Este gradual adelanto de la hora de cenar se facilitó por el hecho de que
las horas canónicas de nona, vísperas, etc., más que representar puntos
fijos de tiempo, representaban espacios de tiempo. La hora novena, o nona,
estrictamente significaba las tres de la tarde, pero el oficio de nona podía
ser recitado a la misma hora de sexta, que, lógicamente, correspondía a la
hora sexta, mediodía. De tal modo, se llegó a pensar que la hora nona
empezaba a mediodía, y ese punto de vista se ha conservado en la palabra
inglesa noon, que viene a significar el tiempo entre mediodía y las tres de
la tarde. La hora de romper el ayuno cuaresmal era después de vísperas (el
ritual vespertino), pero gracias a un proceso gradual, el rezo de vísperas
se anticipó más y más hasta que se reconoció oficialmente el principio,
vigente hasta hoy día, de que las vísperas de Cuaresma podrían ser rezadas a
mediodía. De ese modo, si bien el autor del "Micrologus" del siglo XI aún
afirmaba que quienes tomaran alimentos antes del anochecer no ayunaban de
acuerdo a los cánones ( P.L., CLI, 1013), ya para los inicios del siglo XIII
algunos teólogos, como el franciscano Richard Middleton, quien basa su
decisión en la usanza de su tiempo, afirma que aquel hombre que cene a
mediodía no rompe el ayuno cuaresmal. Todavía más material fue el
relajamiento causado por la introducción de la "colación". Esta perece haber
comenzado en el siglo IX, cuando el Concilio de Aix la Chapelle autorizó la
concesión, aún para los monasterios, de un trago de agua u otra bebida al
atardecer para aquellos que estuviesen fatigados por el trabajo manual del
día. De este pequeño inicio se desarrolló una mayor indulgencia. El
principio de la parvitas materiae, o sea, que una cantidad pequeña de
alimento no rompe el ayuno mientras no sea tomada como parte de una comida,
fue adoptado por Santo Tomás de Aquino y otros teólogos. A lo largo de los
siglos se reconoció que una cantidad fija de comida sólida, menor de seis
onzas, podía ser tomada después de la bebida del mediodía. Puesto que esa
bebida vespertina, cuando se comenzó a tolerar en los monasterios del siglo
IX, se tomaba a la hora en que se leían en voz alta las "collationes" (conferencias)

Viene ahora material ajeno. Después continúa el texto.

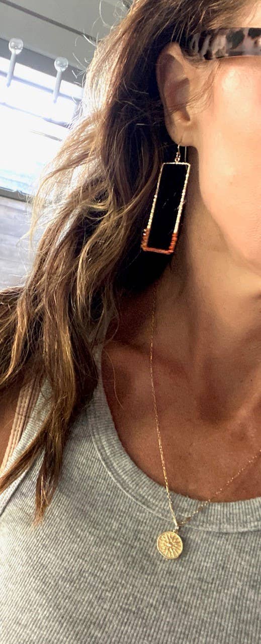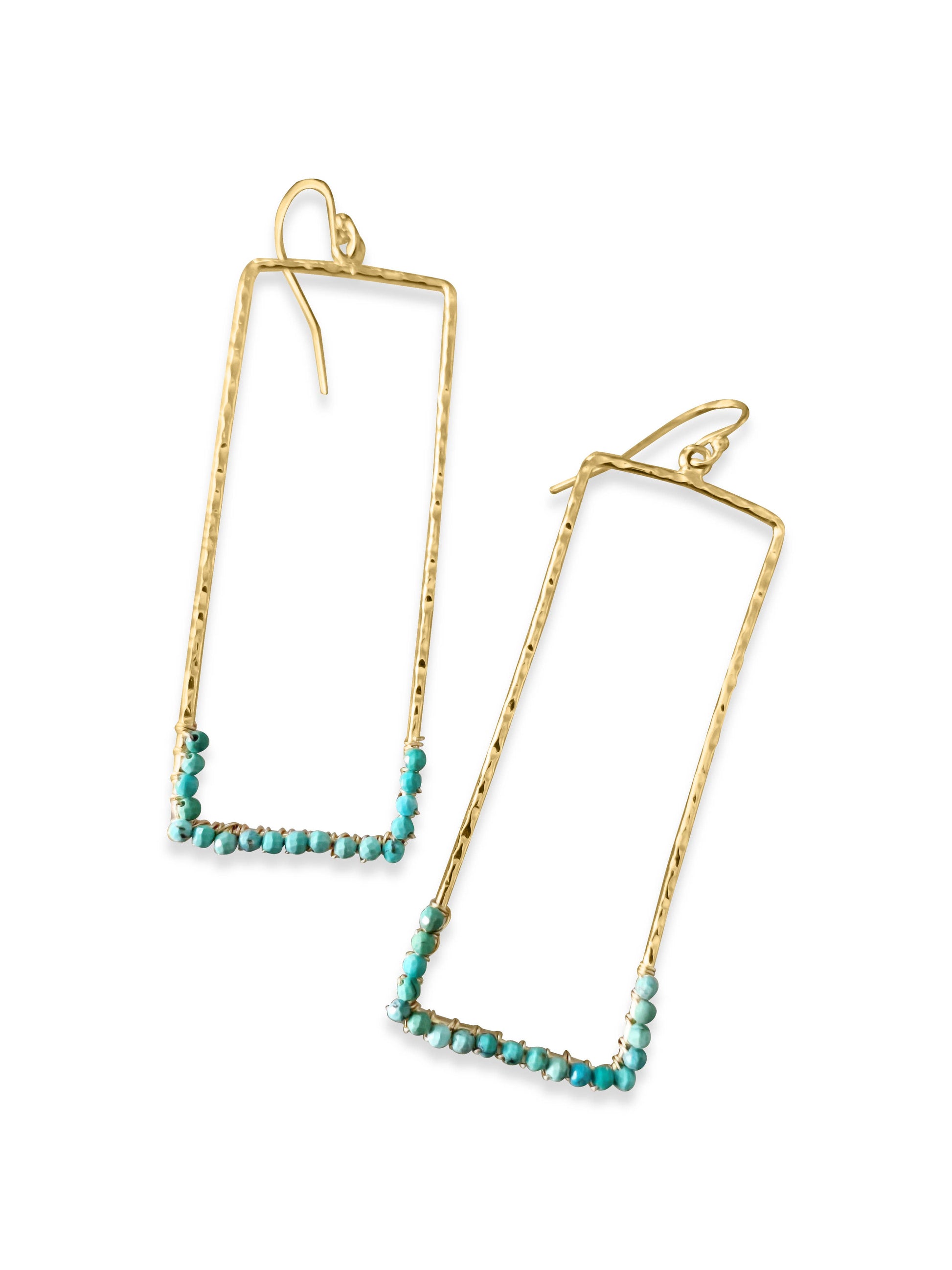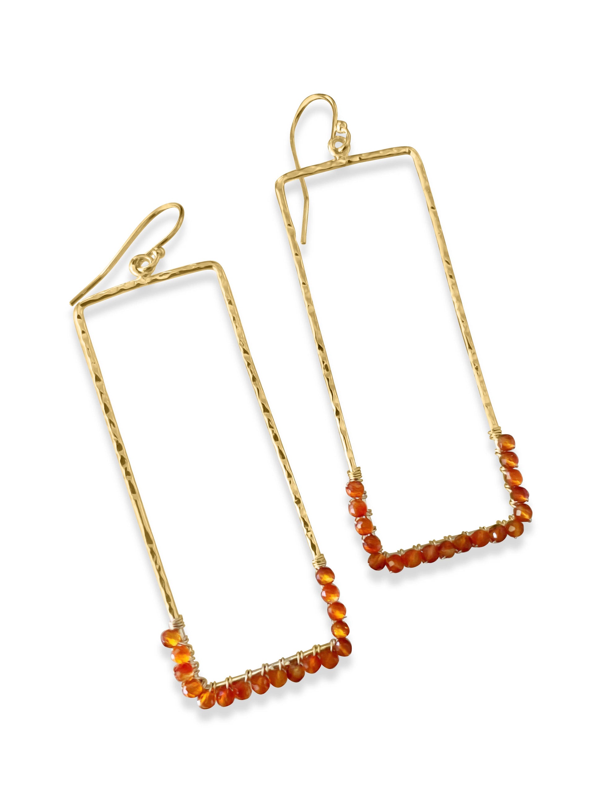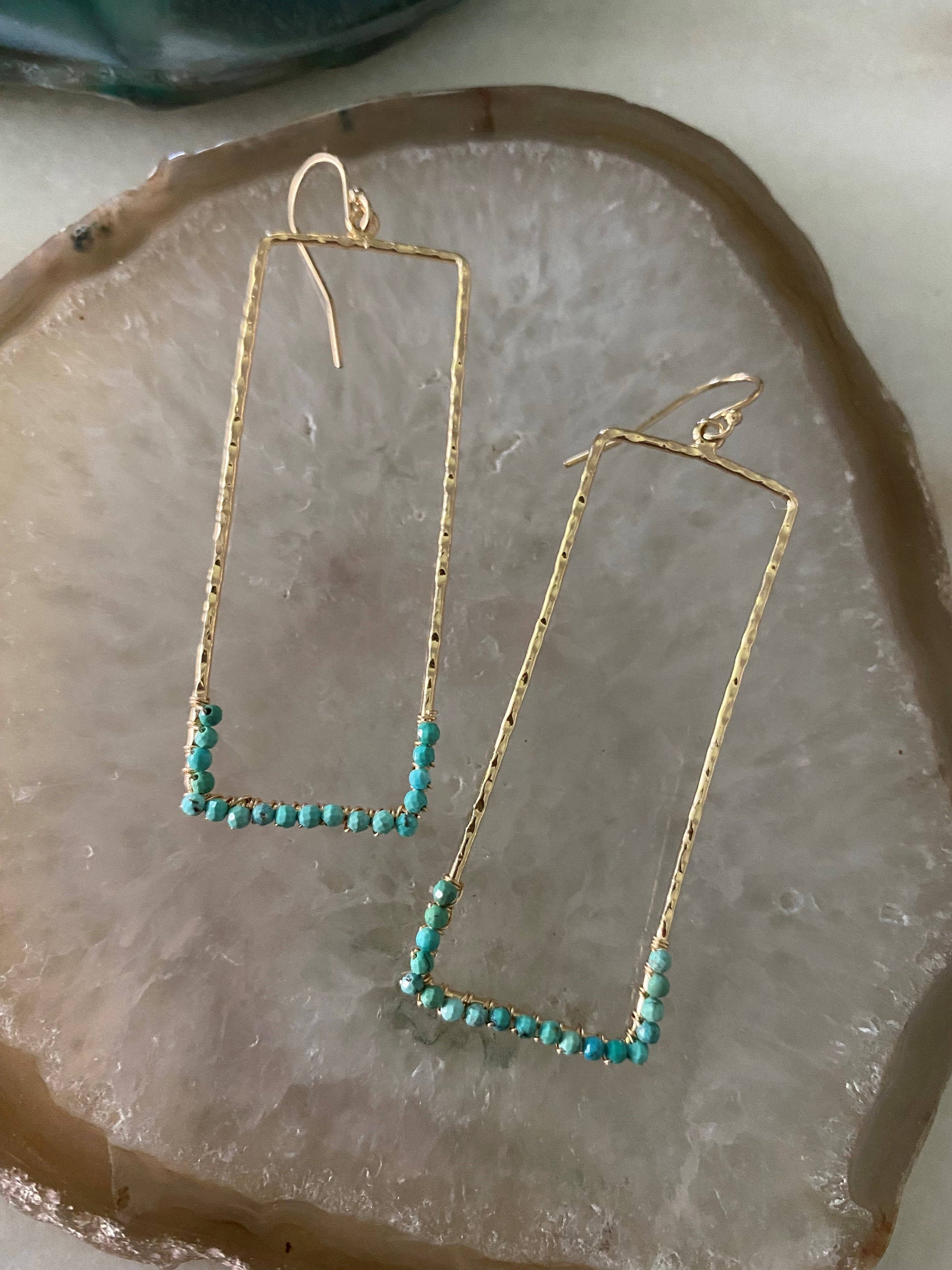 2 1/4" in length, plated finding, gold filled ear hooks, wire and semi precious gemstones, choose from assorted gems below. Feather light in weight.

del Abad Casiano a los hermanos, esta pequeña indulgencia llegó a ser
conocida como "colación", y así se ha llamado desde entonces. Otro tipo de
mitigaciones, de naturaleza más substancial, se ha introducido en la
observancia de la Cuaresma durante el curso de los últimos siglos. Para
comenzar, se ha tolerado la costumbre de tomar una taza de líquido (por
ejemplo, café, té e incluso chocolate) con un trozo de pan o una tostada
temprano en la mañana. Y en lo que toca más de cerca de la Cuaresma, la
Santa Sede ha concedido sucesivos indultos para permitir la carne como
alimento en la comida principal, primero los domingos y después en dos, tres,
cuatro y cinco días a la semana, hasta casi abarcar todo el período. Más
recientemente, el Jueves Santo, en el que siempre se había prohibido la
carne, ha venido a ser beneficiario de la misma indulgencia. En los Estados
Unidos, por concesión de la Santa Sede, se ha logrado que los trabajadores y
sus familias coman carne todos los días, excepto los viernes, el Miércoles
de Ceniza, el Sábado Santo y la Vigilia de Navidad. La única compensación
para tanta mitigación es la prohibición de tomar carne y pescado
simultáneamente en la misma comida. (Véase Abstinencia, Ayuno, Impedimentos,
Canónico (III), Domingo Laetare, Septuagésima, Sexagésima, Quincuagésima,
Quadragésima, Ornamentos).
(La legislación actual de la Iglesia, según el Código de
Derecho Canónico vigente desde el 25 de enero de 1983, señala en sus
artículos 1249-1253, la obligación de ayunar y abstenerse de ciertos
alimentos. El ayuno sólo obliga el Miércoles de Ceniza y el Viernes Santo;
la abstinencia de carne, u otro alimento señalado por las conferencias
episcopales, todos los viernes y el tiempo de Cuaresma. Cfr. También el
Catecismo de la Iglesia Católica, número 1438. Acerca de la percepción
actual del sentido de la Cuaresma y el Adviento, el otro "tiempo fuerte",
penitencial, de la Iglesia, cfr. Constitución Sacrosantum Concilium del
Concilio Vaticano II, nos. 102-106; 109-110. N.T.)